--- Available data Enclosed Below ---

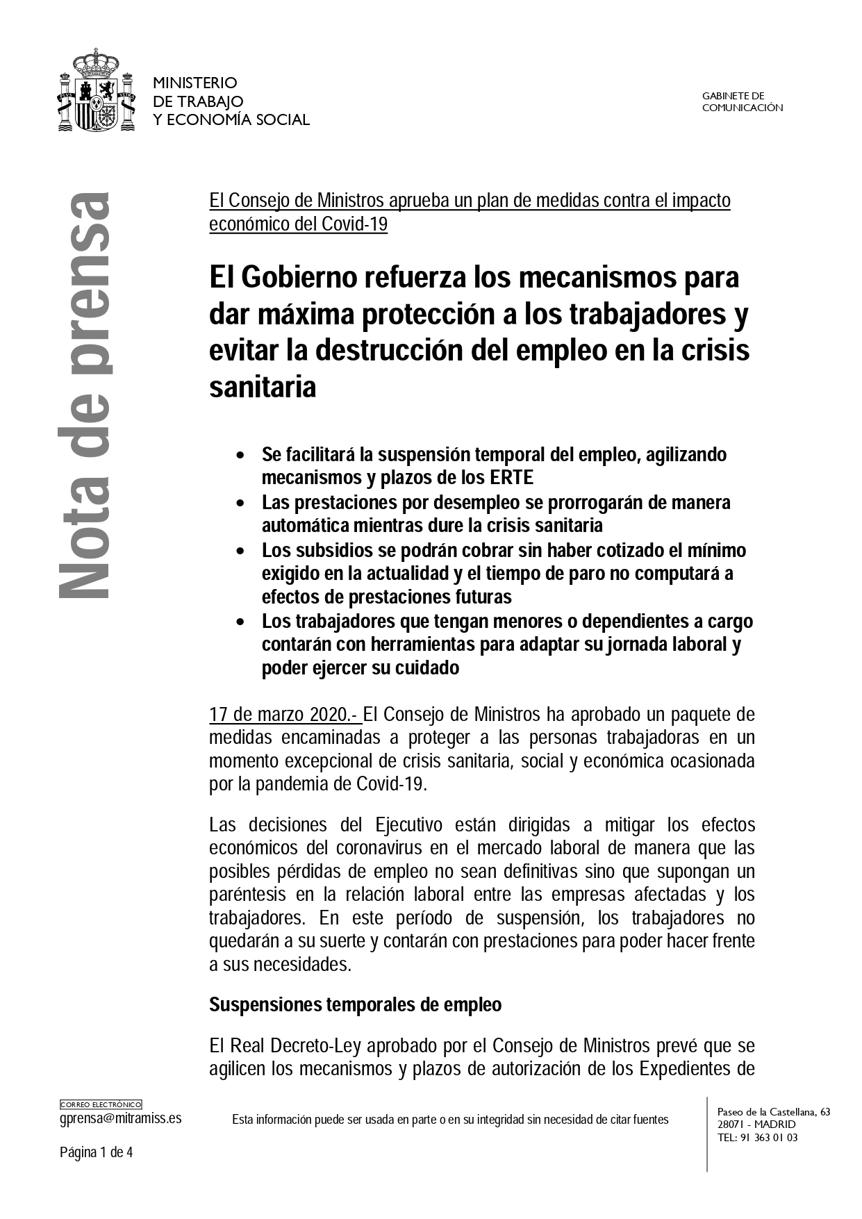 NOTA DE PRENSA: EL CONSEJO DE MINISTROS APRUEBA UN PLAN DE MEDIDAS CONTRA EL IMPACTO ECONÓMICO DEL COVID-19 19 Marzo 2020 Noticias Anterior Siguiente
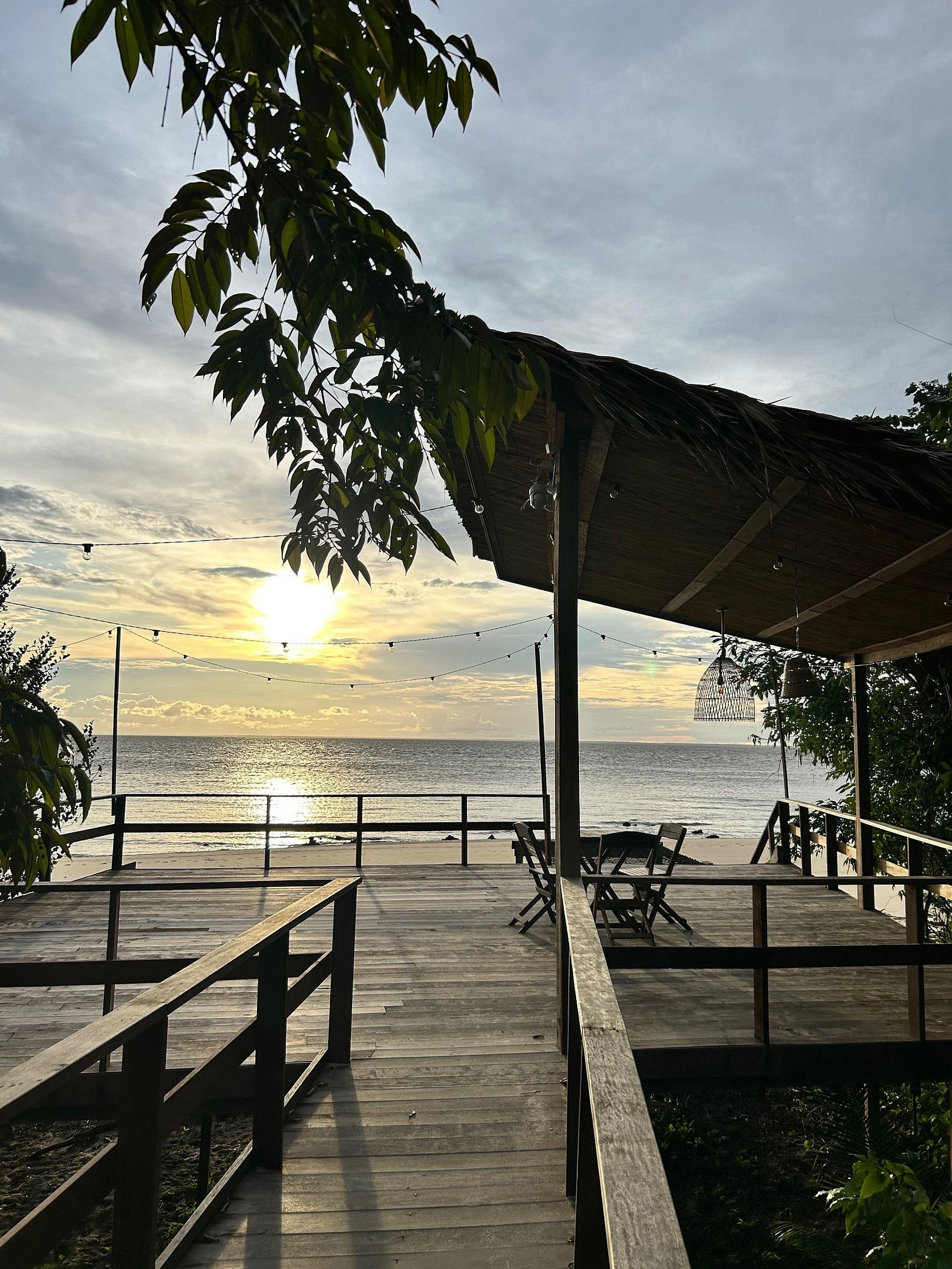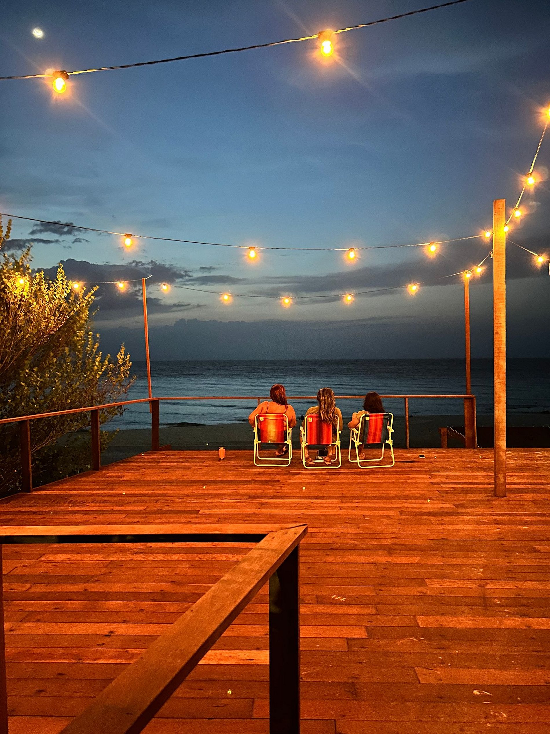 Temos uma área externa e dois decks de madeira de frente para a praia, com linda vegetação ao redor e com uma rede suspensa para você relaxar e apreciar o pôr do sol. É possível realizar eventos combinando com a anfitriã.
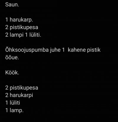 Elumaja koduautomaatika jõu ja valguspaigaldus installatsioonitööd koos materjaliga
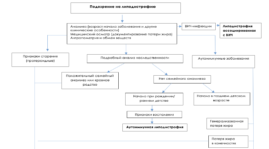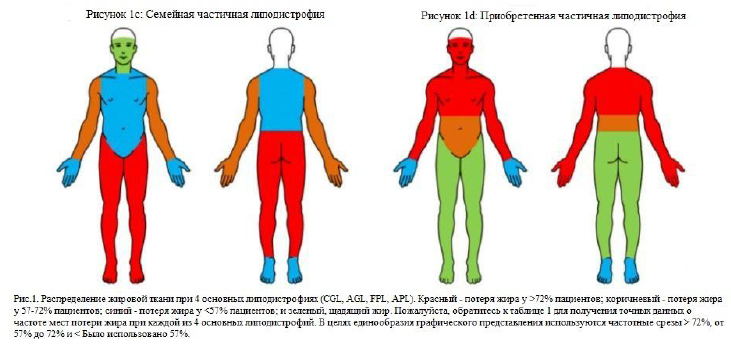 Синдромы липодистрофии – это гетерогенная группа очень редких заболеваний, характеризующихся полной или частичной потерей подкожной жировой клетчатки, часто сопровождающихся различными метаболическими нарушениями: инсулинорезистентностью и сахарным диабетом, жировым гепатозом и стеатогепатитом, дислипидемией, артериальной гипертензией[1,2,4,5,6,7].

--- End of Enclosed Available data ---

Goal of the exercise.
Could you reproduce all of the data above exactly and skip any image?

Written answer.
 NOTA DE PRENSA: EL CONSEJO DE MINISTROS APRUEBA UN PLAN DE MEDIDAS CONTRA EL IMPACTO ECONÓMICO DEL COVID-19 19 Marzo 2020 Noticias Anterior Siguiente
 Temos uma área externa e dois decks de madeira de frente para a praia, com linda vegetação ao redor e com uma rede suspensa para você relaxar e apreciar o pôr do sol. É possível realizar eventos combinando com a anfitriã.
 Elumaja koduautomaatika jõu ja valguspaigaldus installatsioonitööd koos materjaliga
 Синдромы липодистрофии – это гетерогенная группа очень редких заболеваний, характеризующихся полной или частичной потерей подкожной жировой клетчатки, часто сопровождающихся различными метаболическими нарушениями: инсулинорезистентностью и сахарным диабетом, жировым гепатозом и стеатогепатитом, дислипидемией, артериальной гипертензией[1,2,4,5,6,7].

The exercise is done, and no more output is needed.